The route as far as Fort Hall presents comparatively few difficulties, and is annually traversed by hundreds of loaded wagons. The remainder of the journey is attended with many inconveniences, some arising from the nature of the ground, and others from the want of forage and water ; all of which will doubtless be diminished when the country becomes better known, and necessity should have led to the application of labor at certain points. That the obstacles cannot be very great, is conclusively proved by the fact, that the wagons go on from Fort Hall to the Falls of the Columbia, generally in the following line of route:

From Fort Hall, along the south side of the Lewis, to the American Falls, 22 miles; thence to the Fishing Falls, 125; and thence to the crossing place of the Lewis, 40; there leaving the river, the trail passes through the mountains, which border it northward, to the Boisé, and down that stream to its junction with the Lewis, near the trading post called Fort Boisé, 130; crossing the Lewis at this place, its direction is nearly north, passing over the Malheur, Burnt and Powder Rivers, which empty into the Lewis from the west, to the Grand Rond, a beautiful and rich valley surrounded by an amphitheatre of mountains, and drained by a stream of the same name, falling into the Lewis, 138; thence 100 miles to Fort Walla-Walla, or Nez-percé, a trading post of the Hudson's Bay Company, at the entrance of the Walla-Walla River, into the main trunk of the Columbia, nine miles below the junction of the north and south branches of the latter, and 555 miles from Fort Hall,

Thus the distance along the wagon road from the Missouri, at the mouth of the Kansas to the Columbia, at the junction of its two great branches, is about 1827 miles. The wagons may proceed 115 miles farther down the valley of the Columbia to its Falls; but much labor will be required ere they can complete the passage across the continent to the Pacific. The distances on the road below Fort Walla-Walla, are, to the Umatalla River, 25 miles; to John Day's River, 70; to the Falls, 20; to the Cascades, 45; and thence to Fort Vancouver, the principal trading post of the Hudson's Bay Company west of the Rocky Mountains, 55. From Fort Vancouver to Oregon City is about 30 miles, and to the mouth of the Columbia, 120 : the whole distance, by the most direct practicable route from the city of Washington to the mouth of the Columbia being about 3312 miles. The route across the continent, through the British territories, from Fort William, near the west end of Lake Superior, to Fort Walla-Walla, is at least a thousand miles longer than that from the latter place to Independence. The passage is effected for the most part in canoes, on rivers and lakes ; the remainder of the journey being pursued on foot, or on horseback : and there is no progpect that the route will ever be improved, either in convenience or practicability.

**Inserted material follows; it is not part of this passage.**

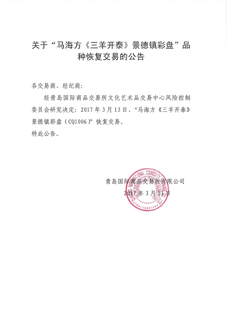 关于“马海方《三羊开泰》景德镇彩盘”品种恢复交易的公告

Russia claims, as already said, in virtue of the discoveries and settlements of her subjects, and of treaties with the United States and Great Britain, the whole division of the American continent, and the adjacent islands, north of the latitude of 54 degrees 40 minutes, and west of a line drawn from that latitude, northward, along the highlands bordering the Pacific Ocean to Mount St. Elias, and thence due north to the Arctic Sea. This power also claims the whole of Asia, extending on the Pacific north of the 51st parallel, all the Aleutian Islands, and all the Kurile Islands, north of the latitude of 45 degrees 40 minutes.

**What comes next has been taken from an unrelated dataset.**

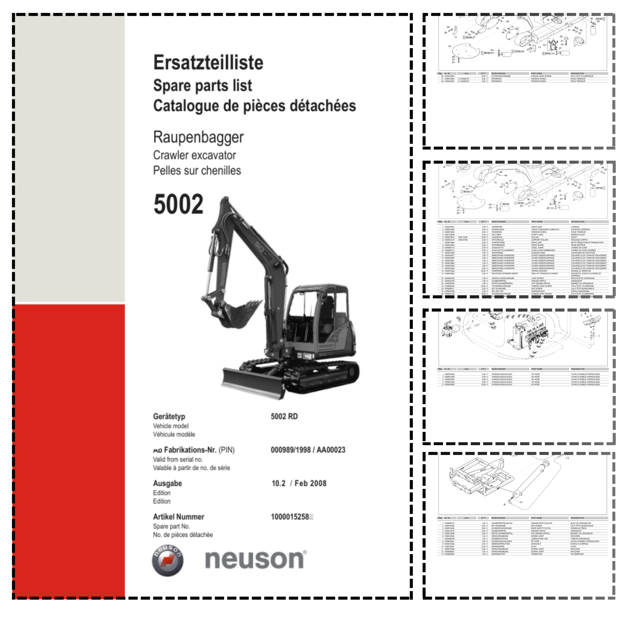 Wacker Neuson 5002 RD Excavator Parts Catalog SN from 000989/1998 AA00023 v10.2

Of the parts of America thus claimed by Russia, the islands and the coasts of the continent have been explored, and some have been surveyed with care; several rivers, also, have been traced to considerable distances from their mouths: the interior regions are, however, but little known, and, from all accounts, they do not seem to merit the labor and expense which would be required for their complete examination. Only small portions of the islands are fit for agriculture, or for any purpose useful to man, except fishing and hunting; the remaining territories present to the eye nothing but rocks, snow, and ice.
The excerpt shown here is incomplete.